Dysfunction in multiple primary afferent fiber subtypes revealed by quantitative sensory testing in patients with chronic vincristine-induced pain

Patrick M Dougherty et al. J Pain Symptom Manage. 2007 Feb.
Free article

Abstract

Vincristine is one of the frontline chemotherapy drugs for the treatment of numerous lymphoid neoplasias. The main dose-limiting complication of vincristine is the development of painful peripheral neuropathy. Although clinical reports have appeared in the literature detailing the symptoms of vincristine neuropathy, quantitative sensory testing data that might yield insight to dysfunction in subsets of primary afferents are lacking. In this report, pain descriptors and anatomical distributions of sensory abnormalities were collected in each patient.
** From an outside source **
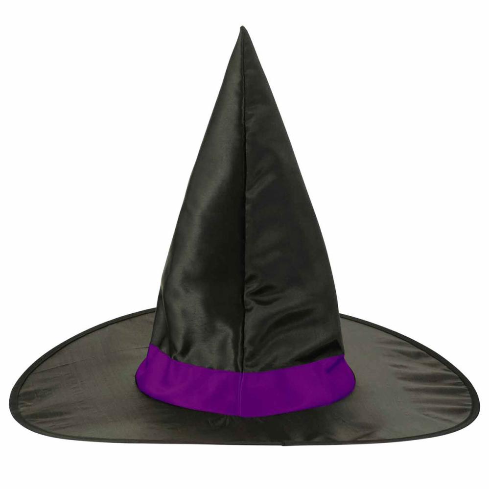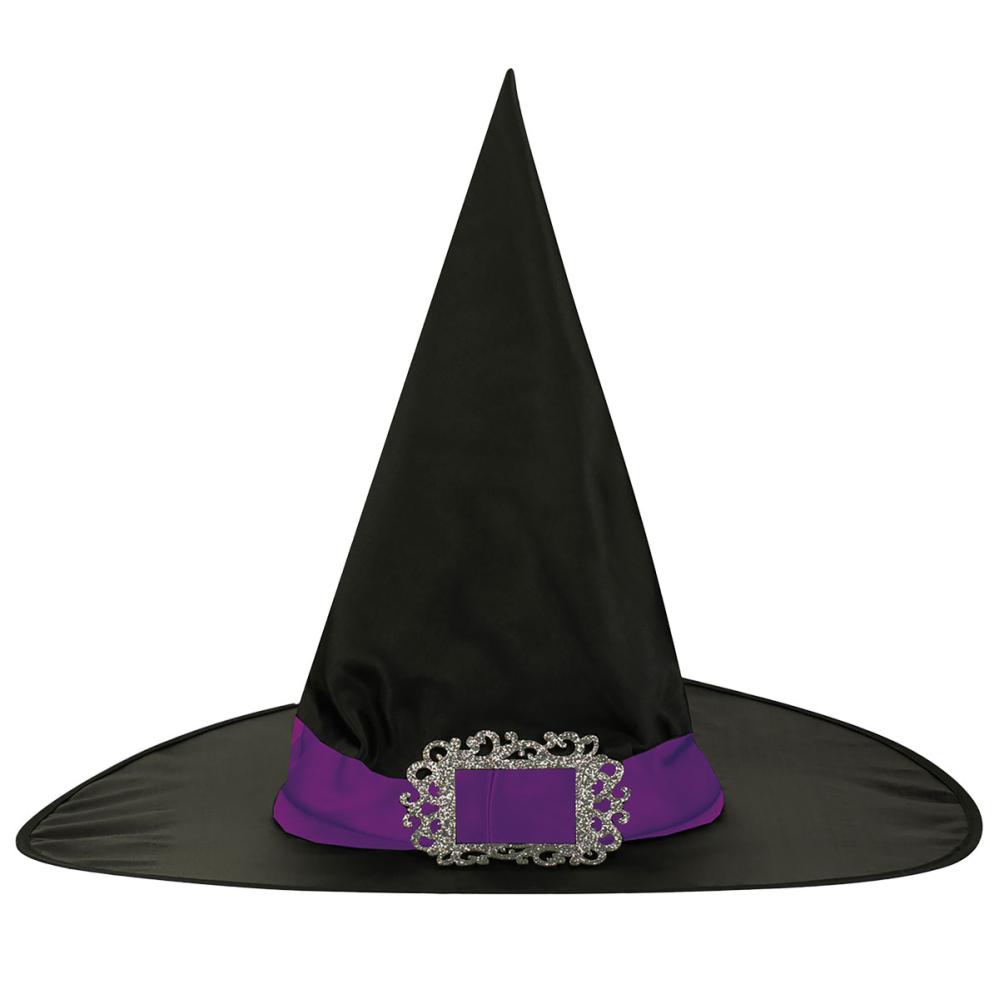 En sort heksehat til en voksen person med et stilrent lilla bånd og et skimrende sølvspænde gør dig klar til Halloween. Den er perfekt som udklædningshat til en halloweenheks og holder stilen hele natten.
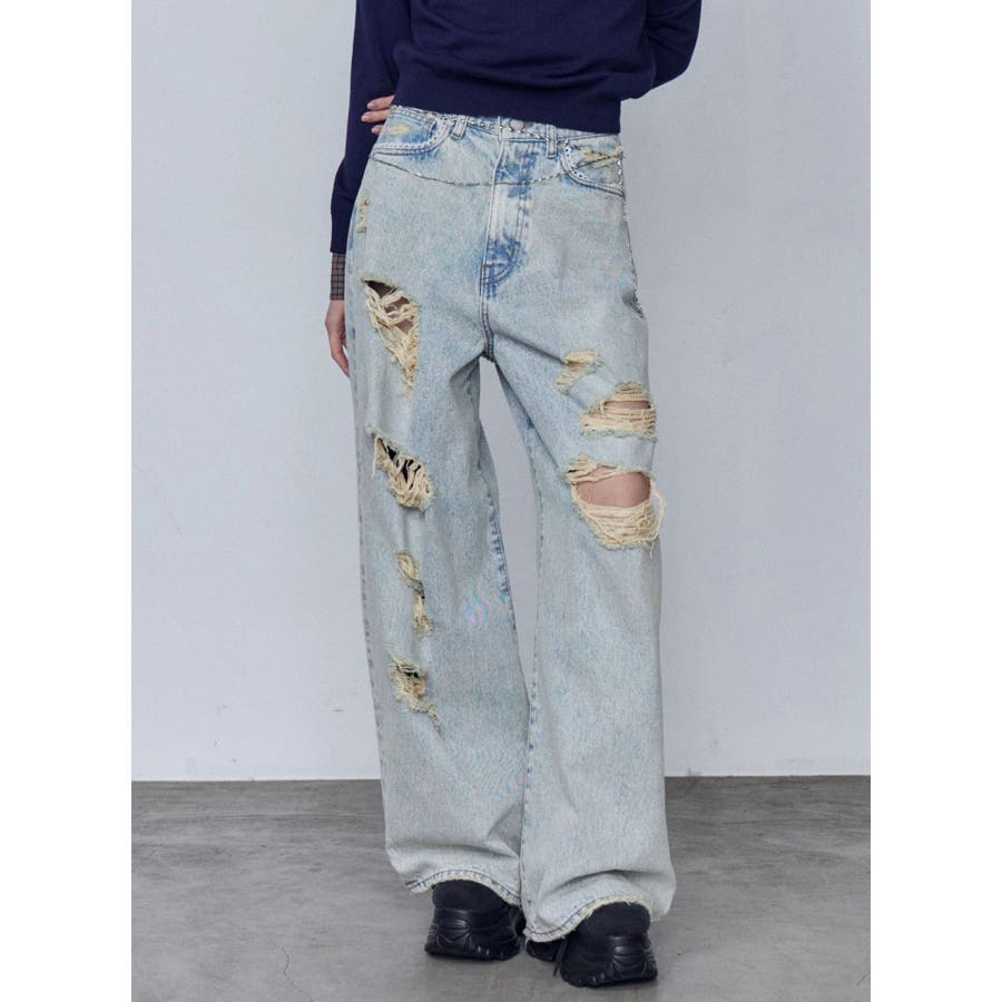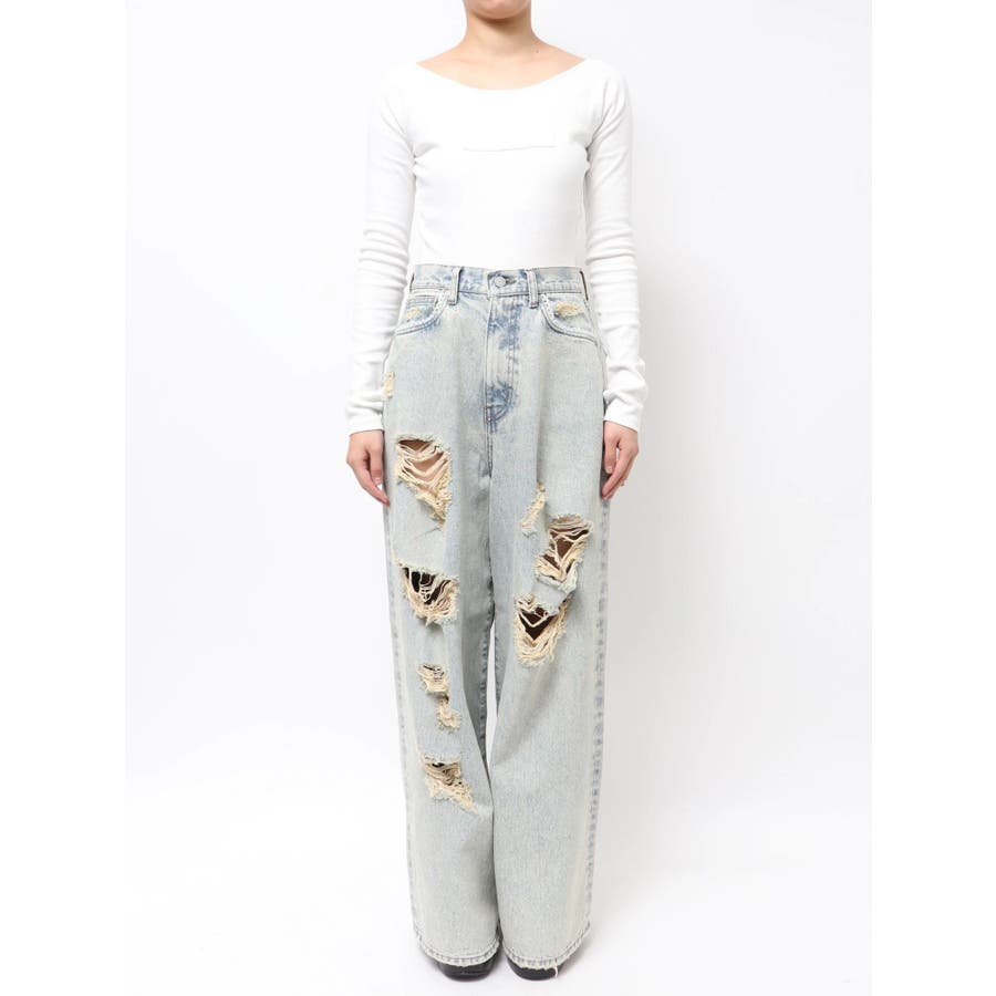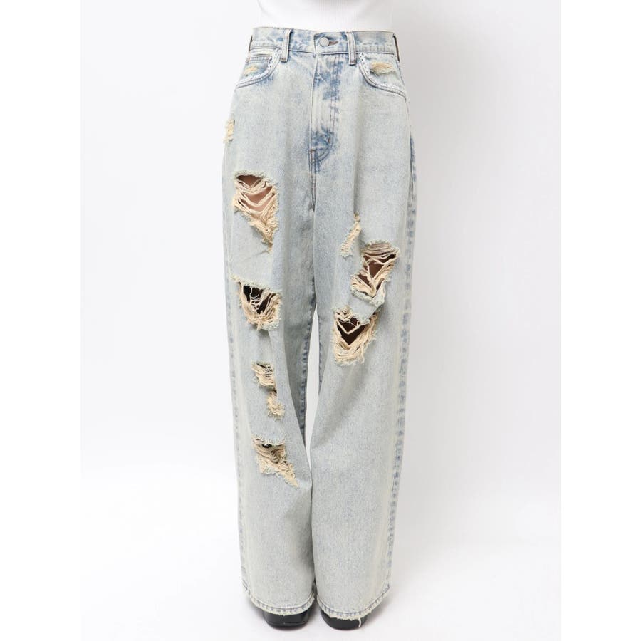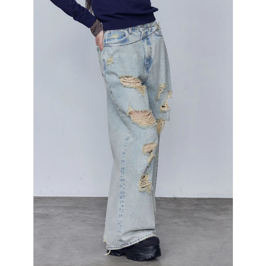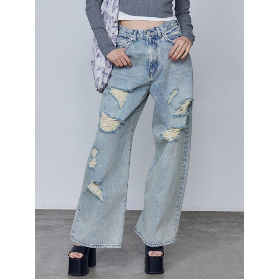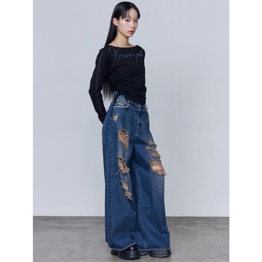 バルキーワイドハイウエストクラッシュジーンズ

Touch detection threshold, sharpness detection threshold, the thresholds for the detection of skin warming, heat pain, skin cooling, and the perception of cooling-induced pain were measured in patients with chronic vincristine-induced pain in each area of sensory abnormality and in skin perceived as outside the affected areas. Elevated touch detection thresholds were observed both within and outside areas affected by pain and sensory abnormality. Elevated sharpness and warm detection thresholds were noted only in areas affected by pain. These data suggest that chronic vincristine-induced pain is associated with dysfunction in Abeta, Adelta, and C caliber primary afferent fibers. Deficits in Abeta fibers appear to precede and presage deficits in the other fiber types, whereas deficits in Adelta- and C-fiber function appear to be specifically associated with the generation of pain.